Listed entries

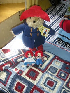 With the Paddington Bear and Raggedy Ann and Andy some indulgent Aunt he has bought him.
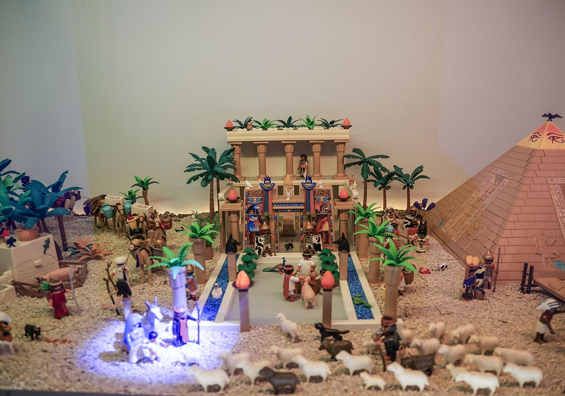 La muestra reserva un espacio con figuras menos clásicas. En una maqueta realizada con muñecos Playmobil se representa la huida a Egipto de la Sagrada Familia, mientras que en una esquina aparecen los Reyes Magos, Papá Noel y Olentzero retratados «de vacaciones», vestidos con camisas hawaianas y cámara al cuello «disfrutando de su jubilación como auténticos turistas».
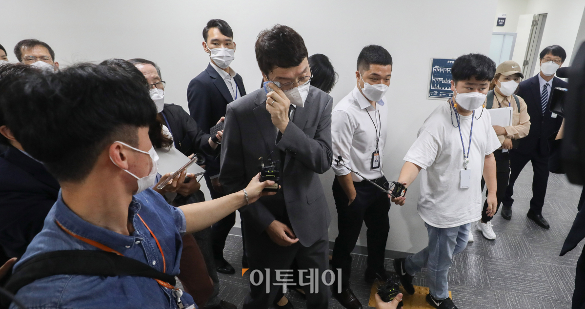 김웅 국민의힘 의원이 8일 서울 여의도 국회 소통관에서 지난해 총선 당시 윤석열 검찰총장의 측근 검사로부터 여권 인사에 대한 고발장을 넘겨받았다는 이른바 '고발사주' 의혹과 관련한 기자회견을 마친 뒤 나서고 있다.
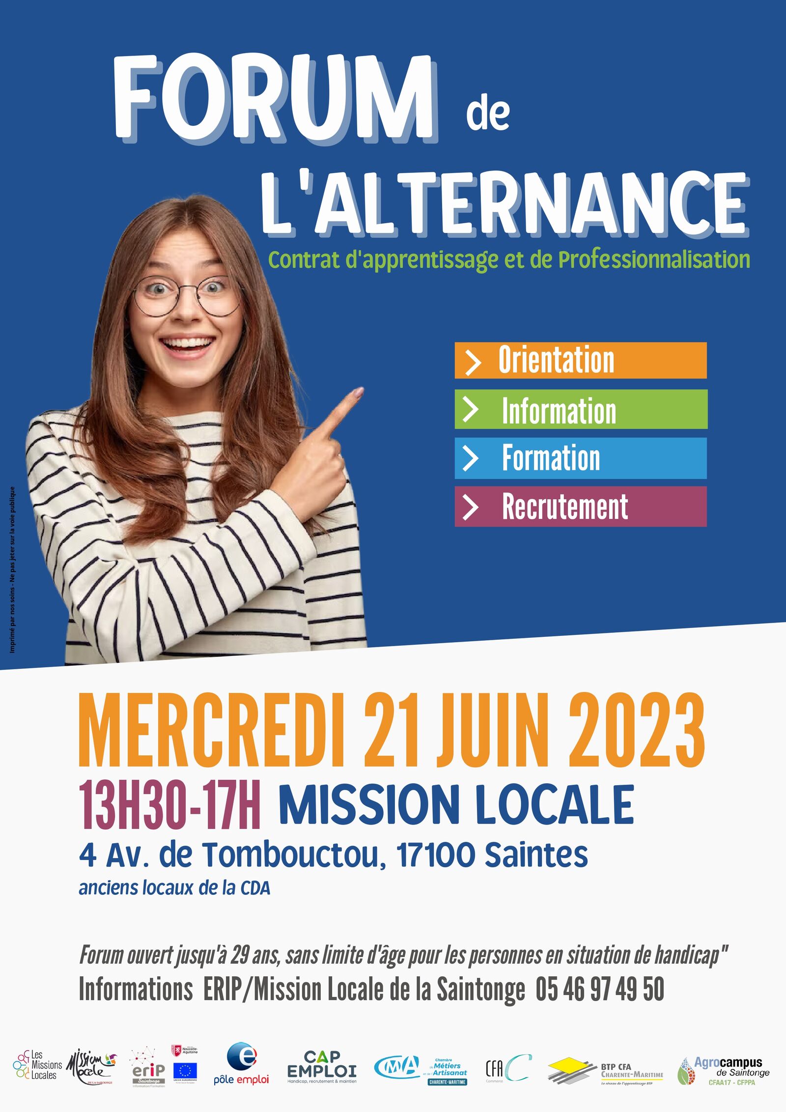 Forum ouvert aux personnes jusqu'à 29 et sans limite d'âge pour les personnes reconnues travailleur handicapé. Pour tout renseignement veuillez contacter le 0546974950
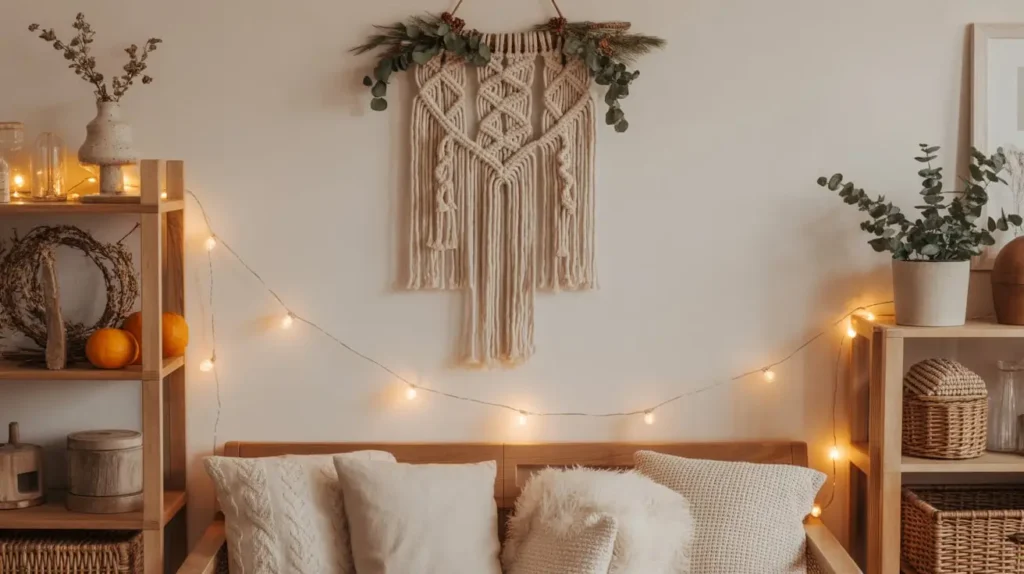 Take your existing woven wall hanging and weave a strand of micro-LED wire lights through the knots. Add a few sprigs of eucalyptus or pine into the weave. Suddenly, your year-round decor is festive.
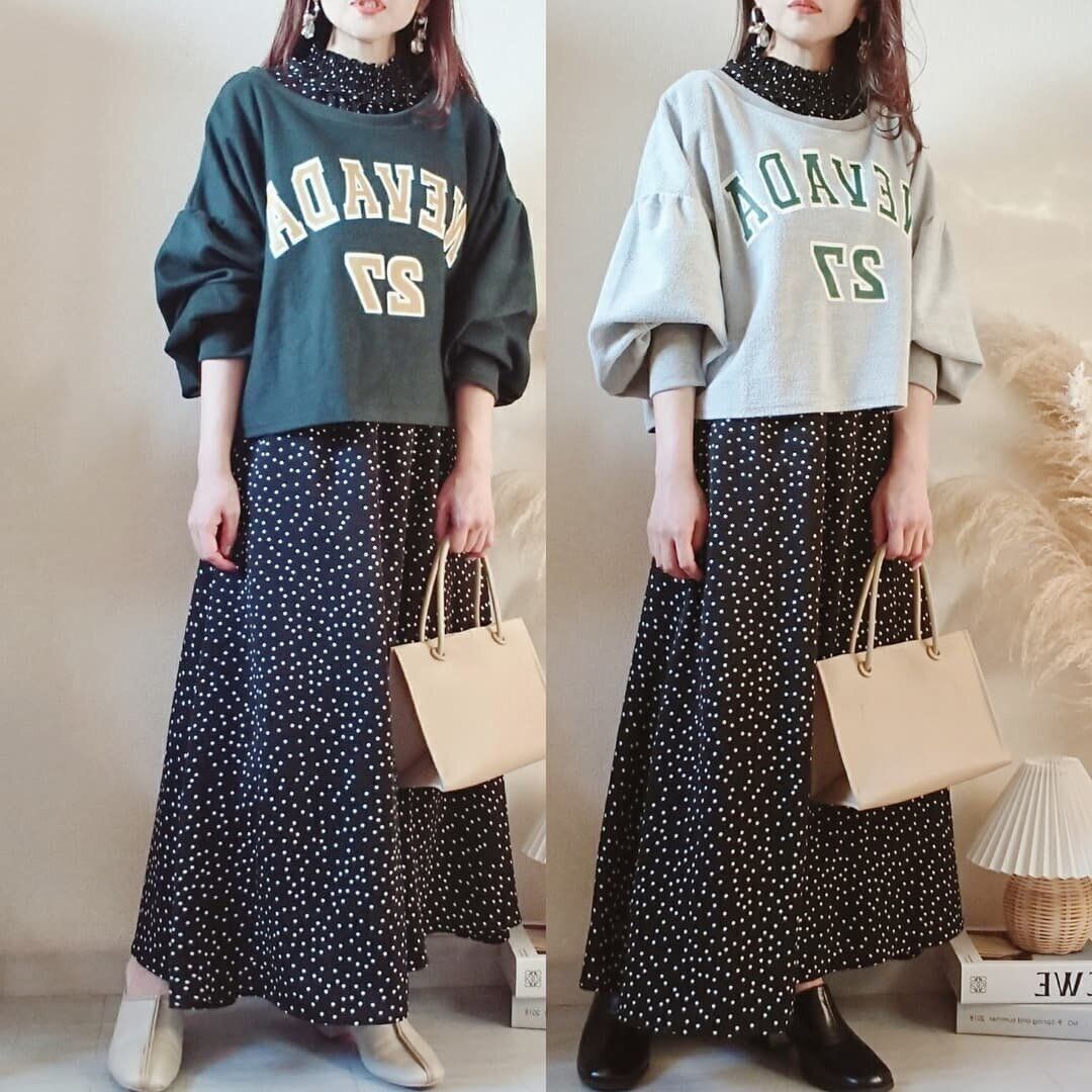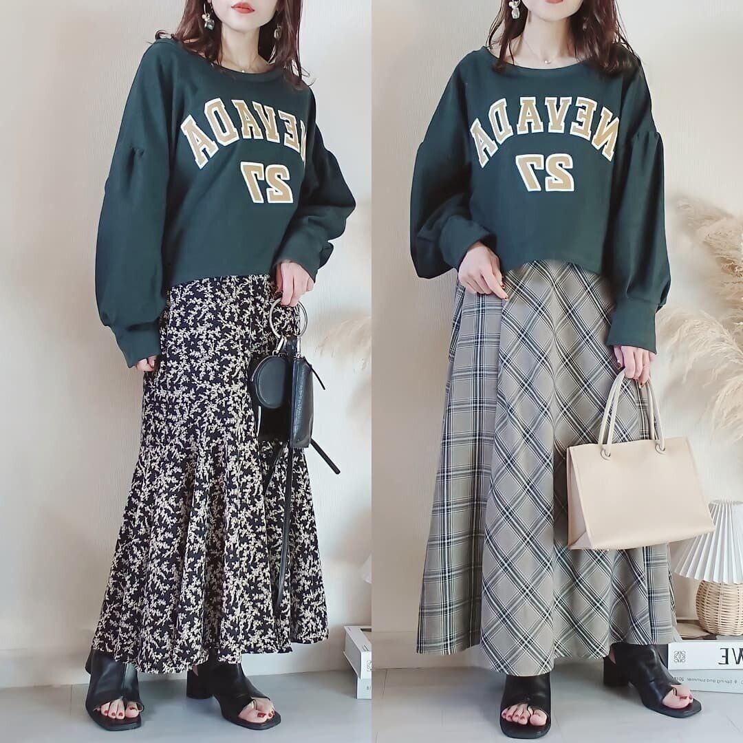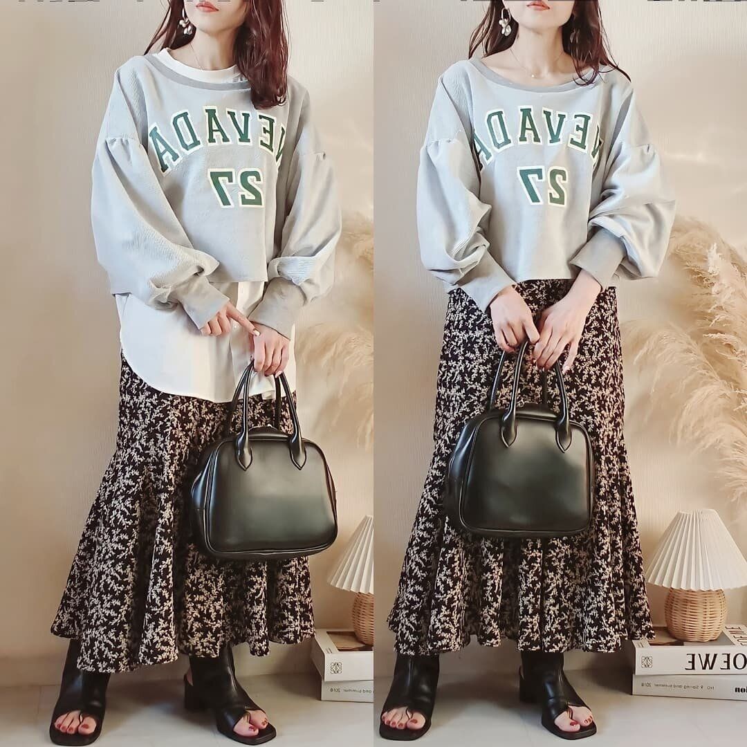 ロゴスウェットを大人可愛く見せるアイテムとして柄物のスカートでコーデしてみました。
...
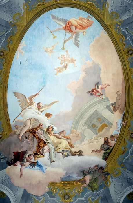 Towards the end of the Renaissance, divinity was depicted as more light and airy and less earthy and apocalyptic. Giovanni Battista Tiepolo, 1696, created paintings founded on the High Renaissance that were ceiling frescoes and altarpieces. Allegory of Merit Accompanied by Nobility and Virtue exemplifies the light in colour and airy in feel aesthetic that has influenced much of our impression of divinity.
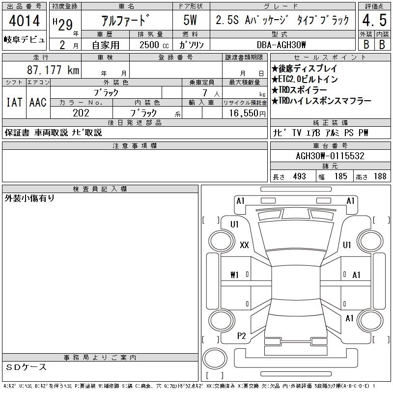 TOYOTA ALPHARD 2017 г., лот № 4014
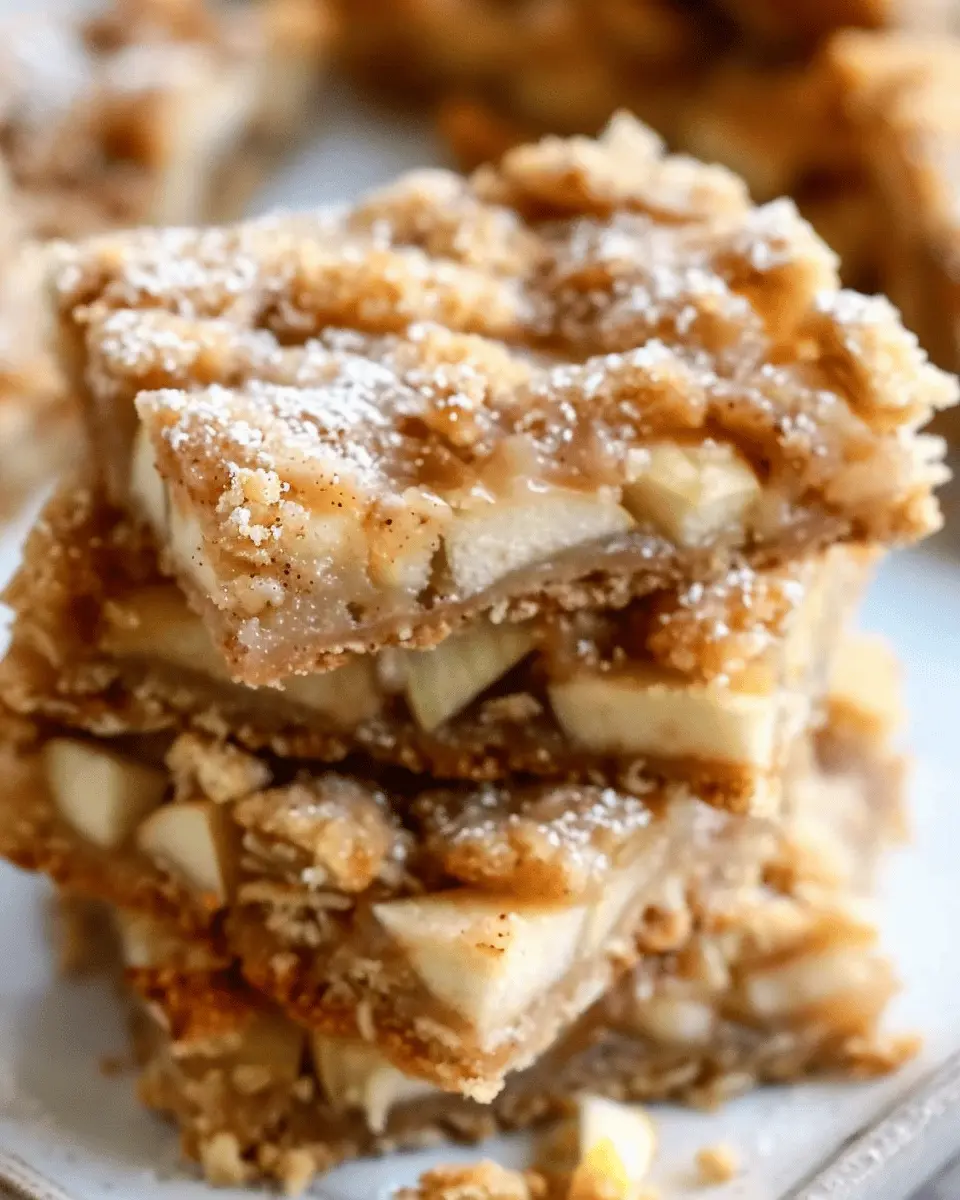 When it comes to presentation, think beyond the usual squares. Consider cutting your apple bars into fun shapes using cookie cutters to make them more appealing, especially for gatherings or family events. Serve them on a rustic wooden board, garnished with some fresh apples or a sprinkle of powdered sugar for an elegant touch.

Aim of the task
From the data above, return only the lines starting at the line that holds "With the Paddington" and ending at the line that holds "La muestra reserva", word for word and without pictures.

Output of the exercise
 With the Paddington Bear and Raggedy Ann and Andy some indulgent Aunt he has bought him.
 La muestra reserva un espacio con figuras menos clásicas. En una maqueta realizada con muñecos Playmobil se representa la huida a Egipto de la Sagrada Familia, mientras que en una esquina aparecen los Reyes Magos, Papá Noel y Olentzero retratados «de vacaciones», vestidos con camisas hawaianas y cámara al cuello «disfrutando de su jubilación como auténticos turistas».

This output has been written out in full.